I stare at her, horror blasting through me at the idea of her pushing me away. “I’ve always been yours, Zoey.”

“No, you haven’t been mine in a long time. You’re barely a figment of my imagination.” I see the exact moment her heart falls out of her chest and shatters on the ground between us. “I want something real with you, not this almost there bullshit. I’m not doing this sneaking around thing where you get to push me away and then have me when it’s convenient. You’re either all in or all out.”

“Zo—”

“Don’t,” she tells me, pulling out of my reach, tears spilling from her eyes and tormenting my already shattered soul. “I don’t want to hear how you can’t, how you’re hurting and drowning in a sea of guilt and darkness, because I am too . I’ve been hurting since the day Linc died, and I needed you. You were the one person who could have eased that ache inside me, and you weren’t there. You made me suffer alone, Noah. You broke me, and now you want to waltz back into my life, thinking you can slide right back into place. That’s not how this works.”

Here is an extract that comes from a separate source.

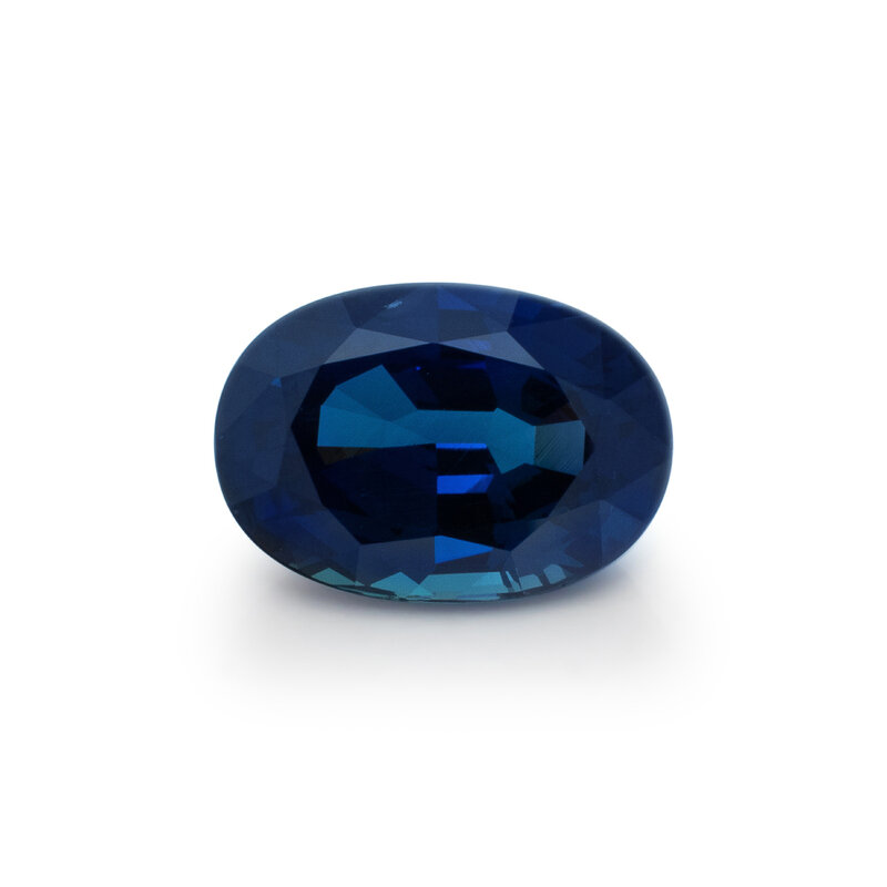 Oval mixed cut sapphire measuring 14.83 x 10.41 x 7.22 mm and weighing 9.77 carats.

She pauses, tears pouring from her eyes as she holds my stare, unaware of just how deeply I’m crumbling inside. “I want you to come back to me, Noah. I want it more than anything, but only when you’re ready to really let me in.”

Unable to keep the distance, I step into her, pulling her straight back into my arms as she buries her face against my chest. I hold her there, my hand knotted into her hair as she falls apart. “I promise, Zozo,” I whisper, closing my eyes as the agony claims me. “I want to give you everything you deserve, and I have a lot to make up for. I know you feel like I’m not yours anymore, and that’s on me, but you have to know that I’ve never stopped belonging to you. It’s always been you, Zo.”

“It hurts,” she whispers against my chest.

I hold her tighter, my hand roaming up and down her back. “Give me your pain, Zo,” I murmur, hating myself for everything I’ve put her through and vowing that I will never make her feel this way again. “Let me take it away.”